HSI/spatial_features_method/plot.py

# coding: utf-8
# The code is written by Linghui

import numpy as np
from skimage import data
from matplotlib import pyplot as plt
import get_glcm
import time
from PIL import Image
import spectral
import os
import warnings
warnings.filterwarnings('ignore')

# 使用get_glcm模块进行GLCM计算

def main():
    pass


def load_hyperspectral_data(image_path, band_index=None):
    """
    加载高光谱数据并可选地提取指定波段

    参数:
    - image_path: 高光谱图像文件路径
    - band_index: 要提取的波段索引，如果为None则返回整个图像

    返回:
    - img: 处理后的图像数据
    - h, w: 图像尺寸
    """
    print(f'正在读取高光谱图像: {image_path}')

    try:
        # 使用spectral库读取ENVI格式
        img_obj = spectral.open_image(image_path)
        hyperspectral_data = img_obj.load()
        print(f'使用spectral库读取成功，数据形状: {hyperspectral_data.shape}')
    except Exception as e:
        print(f'spectral库读取失败: {e}')
        raise ValueError(f"无法读取图像文件: {image_path}")

    # 检查数据维度
    if len(hyperspectral_data.shape) != 3:
        raise ValueError(f"高光谱数据应该是3维的，当前形状: {hyperspectral_data.shape}")

    h, w, bands = hyperspectral_data.shape
    print(f'图像尺寸: {h}x{w}, 波段数: {bands}')

    # 如果指定了波段索引，提取该波段
    if band_index is not None:
        if band_index < 0 or band_index >= bands:
            raise ValueError(f"波段索引 {band_index} 超出范围 [0, {bands-1}]")

        print(f'提取波段 {band_index}...')
        img = hyperspectral_data[:, :, band_index].astype(np.float32)

        # 归一化到0-255范围
        img_min, img_max = img.min(), img.max()
        if img_max > img_min:
            img = np.uint8(255.0 * (img - img_min) / (img_max - img_min))
        else:
            img = np.zeros_like(img, dtype=np.uint8)

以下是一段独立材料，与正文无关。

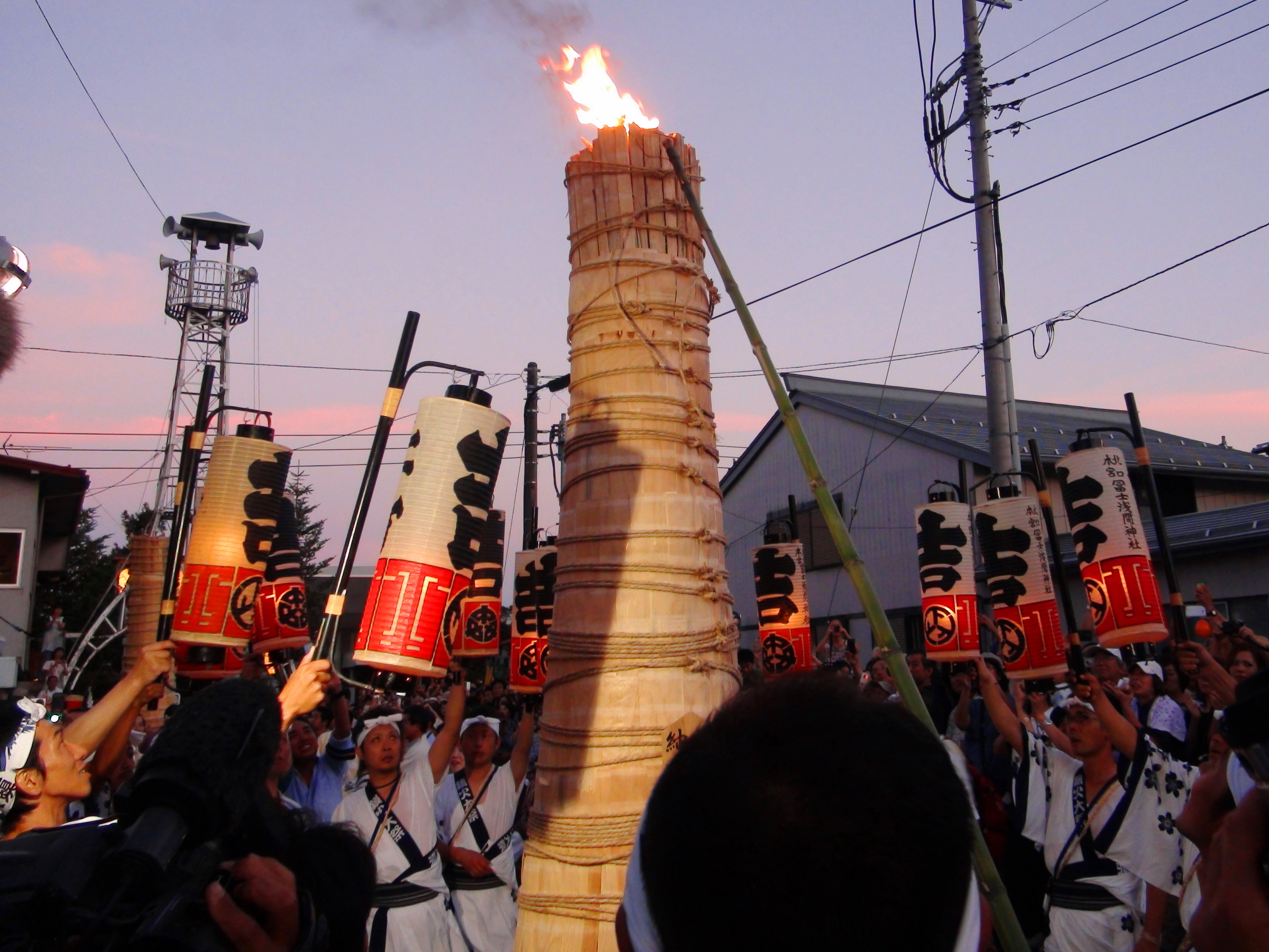 In the first torch ignition Otabisho, Yoshida Fire Festival

        print(f'提取的波段数据范围: [{img_min:.2f}, {img_max:.2f}] -> [0, 255]')
    else:
        # 如果没有指定波段，返回第一个波段作为示例
        print('未指定波段，使用第一个波段...')
        img = hyperspectral_data[:, :, 0].astype(np.float32)
        img_min, img_max = img.min(), img.max()
        if img_max > img_min:
            img = np.uint8(255.0 * (img - img_min) / (img_max - img_min))
        else:
            img = np.zeros_like(img, dtype=np.uint8)

    return img, h, w


if __name__ == '__main__':

    main()

    start = time.time()

    print('---------------0. Parameter Setting-----------------')
    nbit = 64 # gray levels
    mi, ma = 0, 255 # max gray and min gray
    slide_window = 7 # sliding window
    # step = [2, 4, 8, 16] # step
    # angle = [0, np.pi/4, np.pi/2, np.pi*3/4] # angle or direction
    step = [2]
    angle = [0]

    # 指定波段索引（可以修改）
    band_index = 25  # 要处理的波段索引，从0开始

    print('-------------------1. Load Data---------------------')
    # 修改为高光谱图像路径
    image_path = r"C:\Program Files\Spectronon3\_internal\examples\leaf_small.bip.hdr"
    # image_path = r"./test.tif"  # 备用的TIFF图像路径

    # 检查文件是否存在
    if not os.path.exists(image_path):
        print(f"警告: 指定的图像文件不存在: {image_path}")
        print("请确保文件路径正确，或使用其他可用的图像文件")
        exit(1)

    # 加载高光谱数据
    img, h, w = load_hyperspectral_data(image_path, band_index)
    print('------------------2. 计算GLCM特征---------------------')
    img = img.squeeze()
    # 使用get_glcm计算GLCM特征
    glcm = get_glcm.calcu_glcm(img, mi, ma, nbit, slide_window, step, angle)

    print('GLCM计算完成！')
    print('-----------------3. 提取纹理特征-------------------')

    # 提取纹理特征用于显示
    # 只计算最后一个step和angle的特征用于显示
    i, j = len(step)-1, len(angle)-1  # 使用最后一个配置
    glcm_cut = glcm[:, :, i, j, :, :]
    mean = get_glcm.calcu_glcm_mean(glcm_cut, nbit)
    variance = get_glcm.calcu_glcm_variance(glcm_cut, nbit)
    homogeneity = get_glcm.calcu_glcm_homogeneity(glcm_cut, nbit)
    contrast = get_glcm.calcu_glcm_contrast(glcm_cut, nbit)
    dissimilarity = get_glcm.calcu_glcm_dissimilarity(glcm_cut, nbit)
    entropy = get_glcm.calcu_glcm_entropy(glcm_cut, nbit)
    energy = get_glcm.calcu_glcm_energy(glcm_cut, nbit)
    correlation = get_glcm.calcu_glcm_correlation(glcm_cut, nbit)
    Auto_correlation = get_glcm.calcu_glcm_Auto_correlation(glcm_cut, nbit)
    print('---------------4. Display and Result----------------')
    print(f'使用的波段: {band_index}')
    print(f'GLCM参数: distances={step}, angles={[f"{a*180/np.pi:.0f}°" for a in angle]}')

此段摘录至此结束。